___ AVAILABLE DATA ___

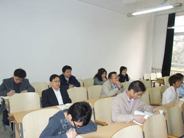 李祥清副院长(后排左一)与相关部门负责人在认真听课
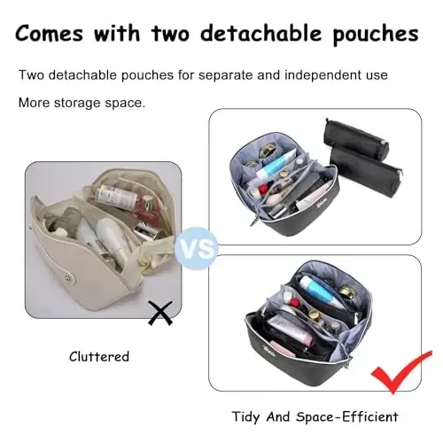 BOYATU Travel Makeup Bags ile seyahatlerinizde ve günlük yaşamınızda makyaj malzemelerinizi düzenli ve şık bir şekilde taşımanın keyfini çıkarın. Bu 3'lü vegan deri makyaj çantası seti, geniş kapasitesi, bölmeli tasarımı ve su geçirmez özelliği ile öne çıkıyor. İster seyahatte olun, ister iş gezisinde, ister tatilde, ister açık havada, bu set makyaj ve kişisel bakım ürünlerinizi organize etmek için ideal bir çözüm sunar. Zarif floral tasarımıyla da dikkat çeken bu çanta seti, size sayısız övgü getirecek. BOYATU taşınabilir makyaj çantası, sizin için harika bir seçim ve ideal bir yol arkadaşıdır. İki adet çıkarılabilir makyaj kesesi sayesinde, cilt bakım ürünlerinizi ve kozmetiklerinizi en iyi şekilde düzenleyebilirsiniz. Geniş kapasitesi sayesinde 230 ml'lik tonik veya daha büyük şişeleri bile rahatlıkla sığdırabilirsiniz. Sadece 0.75 LB ağırlığıyla hafif ve taşınması kolaydır. Makyaj malzemelerinizi ve kişisel bakım ürünlerinizi rahatça taşıyabilir, seyahat tuvalet çantası, preppy makyaj çantası, banyo çantası, kozmetik çantası vb. olarak kullanabilirsiniz. Kirlenmeye ve suya dayanıklı olacak şekilde tasarlanmış bu makyaj seyahat düzenleyici çanta, ister şifonyerinizde, ister banyoda, ister dışarıda, ister arabada veya bavulunuzda olsun, çeşitli ortamlara uygundur. Makyajınızı ve rötuş ihtiyaçlarınızı her zaman, her yerde karşılamak için yanınızda bulundurun. Sevgililer Günü, Anneler Günü, Doğum Günleri, Noel ve daha birçok özel gün için bayanlara harika bir hediye seçeneğidir. Bu makyaj seyahat çantası, özenle tasarlanmış bir tebrik kartıyla birlikte zarif bir hediye kutusunda güzelce paketlenmiştir.
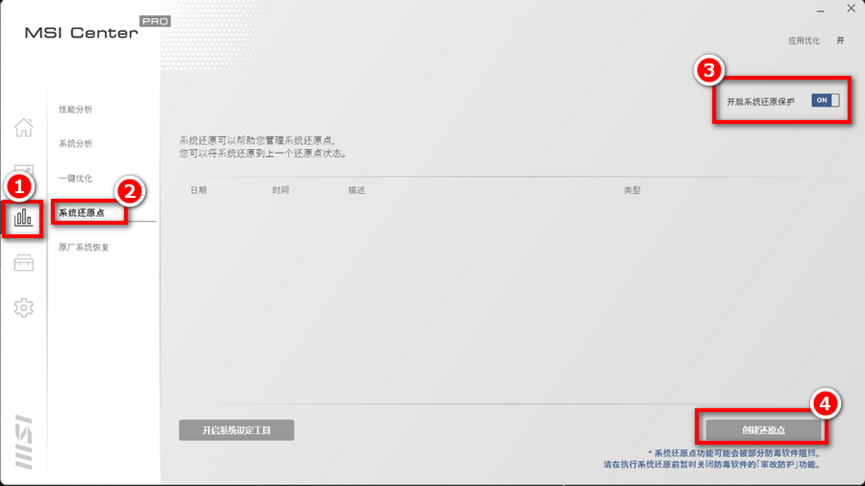 1-4点击「创建还原点」
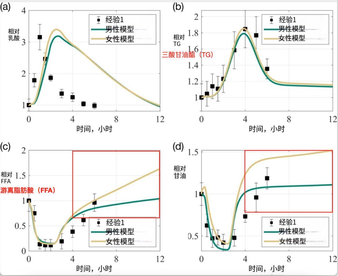 在禁食一整晚後的第一頓餐後約 4 小時,研究人員發現女性受試者血液中脂肪分解產物——「遊離脂肪酸(FFA)」和「甘油」的濃度,大幅度激增,遠遠高於男性。
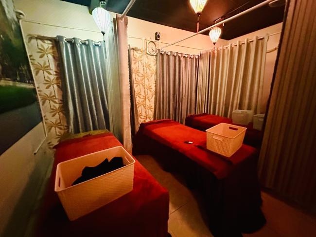 - THAI BODY MASSAGE: Liệu pháp massage Thái được thực hiện bằng cách dùng lực bàn tay tác động chậm và sâu vào phần lưng của cơ thể, các đầu ngón tay sẽ tiếp cận các lớp cơ, cảm nhận các mô sẹo để giúp phá vỡ các "nút thắt" cơ hoặc các dải mô cứng đang khiến bạn đau nhức.

___

* [TRY IT]
Could you output all of the records exactly, without their pictures?

* [RESULT]
 李祥清副院长(后排左一)与相关部门负责人在认真听课
 BOYATU Travel Makeup Bags ile seyahatlerinizde ve günlük yaşamınızda makyaj malzemelerinizi düzenli ve şık bir şekilde taşımanın keyfini çıkarın. Bu 3'lü vegan deri makyaj çantası seti, geniş kapasitesi, bölmeli tasarımı ve su geçirmez özelliği ile öne çıkıyor. İster seyahatte olun, ister iş gezisinde, ister tatilde, ister açık havada, bu set makyaj ve kişisel bakım ürünlerinizi organize etmek için ideal bir çözüm sunar. Zarif floral tasarımıyla da dikkat çeken bu çanta seti, size sayısız övgü getirecek. BOYATU taşınabilir makyaj çantası, sizin için harika bir seçim ve ideal bir yol arkadaşıdır. İki adet çıkarılabilir makyaj kesesi sayesinde, cilt bakım ürünlerinizi ve kozmetiklerinizi en iyi şekilde düzenleyebilirsiniz. Geniş kapasitesi sayesinde 230 ml'lik tonik veya daha büyük şişeleri bile rahatlıkla sığdırabilirsiniz. Sadece 0.75 LB ağırlığıyla hafif ve taşınması kolaydır. Makyaj malzemelerinizi ve kişisel bakım ürünlerinizi rahatça taşıyabilir, seyahat tuvalet çantası, preppy makyaj çantası, banyo çantası, kozmetik çantası vb. olarak kullanabilirsiniz. Kirlenmeye ve suya dayanıklı olacak şekilde tasarlanmış bu makyaj seyahat düzenleyici çanta, ister şifonyerinizde, ister banyoda, ister dışarıda, ister arabada veya bavulunuzda olsun, çeşitli ortamlara uygundur. Makyajınızı ve rötuş ihtiyaçlarınızı her zaman, her yerde karşılamak için yanınızda bulundurun. Sevgililer Günü, Anneler Günü, Doğum Günleri, Noel ve daha birçok özel gün için bayanlara harika bir hediye seçeneğidir. Bu makyaj seyahat çantası, özenle tasarlanmış bir tebrik kartıyla birlikte zarif bir hediye kutusunda güzelce paketlenmiştir.
 1-4点击「创建还原点」
 在禁食一整晚後的第一頓餐後約 4 小時,研究人員發現女性受試者血液中脂肪分解產物——「遊離脂肪酸(FFA)」和「甘油」的濃度,大幅度激增,遠遠高於男性。
 - THAI BODY MASSAGE: Liệu pháp massage Thái được thực hiện bằng cách dùng lực bàn tay tác động chậm và sâu vào phần lưng của cơ thể, các đầu ngón tay sẽ tiếp cận các lớp cơ, cảm nhận các mô sẹo để giúp phá vỡ các "nút thắt" cơ hoặc các dải mô cứng đang khiến bạn đau nhức.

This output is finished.